2. How much time/study went into getting started?
3. Have you calculated a cost per reloaded round? (My reloader charges me .17 for 40 cal and .19 for 45 ACP, using my brass)
4. How long does it take to set up and load XXX amount of rounds in a single loading session?
5. From answer #'s 1 and 3, one can calculate the total break even cost of ownership, excluding labor cost. (Could calculate and insert a labor cost thus increasing the break even point)

I'm interested to see how many rounds I'd have to load to make this investment worthwhile according to my lifestyle.

Thanks.


----------



## Baldy (Jun 21, 2006)

Here's a little deal that will help you figure out cost per round. Good luck.
http://www.handloads.com/calc/loadingCosts.asp


----------



## benzuncle (Aug 29, 2007)

220 Combat, I always zero out my scale and weigh the first few charges with my Pro Auto Disk for peace of mind. I dump them back into the hopper as I haven't spent the couple o'bucks for a funnel. Check your charge as often as you need to, to keep yourself in a comfortable frame of mind. Once I got to that point, I usually check the first and last charge for every box of 50 45ACP's I load for my Sig Sauer P220 Compact. It's nice loading your own, ain't it. And there're some real knowledgable guys on this site that can teach you and I all 'bout it. Keep us posted and be ready to share...


----------



## 220combat (Oct 26, 2007)

I haven't calculated the cost per round yet or my total cost of equipment. I'll figure it out soon.

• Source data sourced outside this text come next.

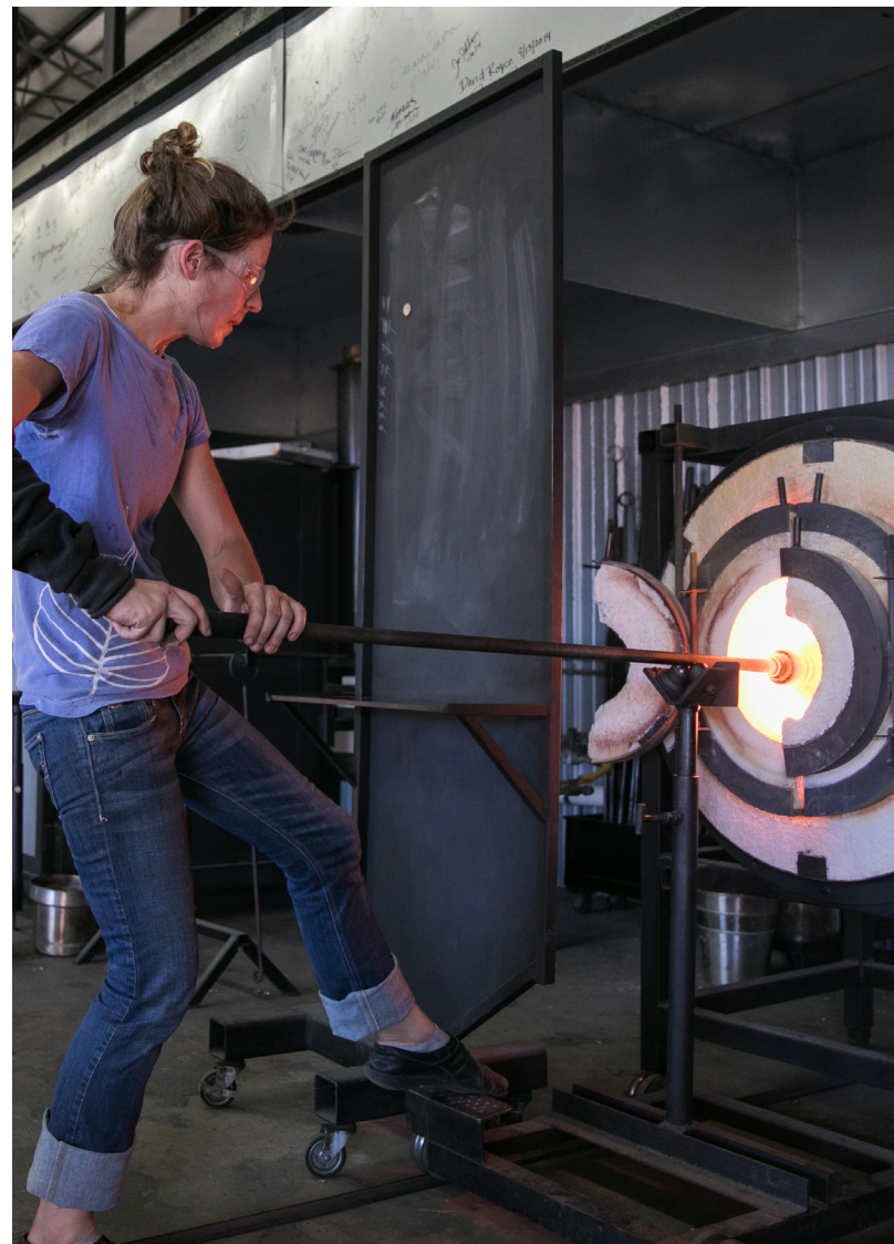
St. Petersburg Hot Glass Studio at Duncan McClellan Studios.
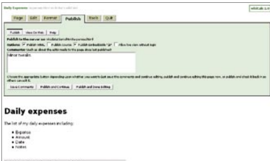
Figure 4: wikiCalc offers several ways to publish the spreadsheet on the web.
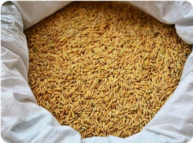
Photo: Active learning and applying SRI - advanced low inputs/low risks/low carbon farming techniques and values added of market linkage intervention bring remarkable income increase for male and female farmers.

What would cause powder to blow back when firing? I noticed with my loads that I was getting hit in the face with a tiny bit of something after each shot.


----------



## mccoy (Dec 31, 2007)

Dsig1 said:


> Now that you are up and running, could you share a bit of info with those of us contemplating reloading.
> 
> 1. What was the total cost of entry?
> 2. How much time/study went into getting started?
> ...


Dsig1,
from my calcs I figured out a break even point of 3 months, firng 1000 38specials per month. My press is not a very costly one, I'm waiting to decide for another one.

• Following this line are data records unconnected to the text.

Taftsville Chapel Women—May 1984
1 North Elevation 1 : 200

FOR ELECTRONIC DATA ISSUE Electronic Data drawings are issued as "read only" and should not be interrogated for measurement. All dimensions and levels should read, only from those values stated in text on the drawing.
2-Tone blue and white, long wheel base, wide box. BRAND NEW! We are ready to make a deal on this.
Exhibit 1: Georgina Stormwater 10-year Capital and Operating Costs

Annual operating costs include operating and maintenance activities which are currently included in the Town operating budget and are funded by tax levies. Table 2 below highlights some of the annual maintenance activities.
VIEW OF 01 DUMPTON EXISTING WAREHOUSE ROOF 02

Labour cost: you may construe it as an hobby so labour cost would be zero. Otherwise, if time at the bench means time subtracted to other lucrative occupations, you should buy one of the more advanced presses, capable of a high hourly production.
I'm thinking about that. It will only shift my breakeven point a few months ahead, and subtract max 1-2 hours a week to jobs.


----------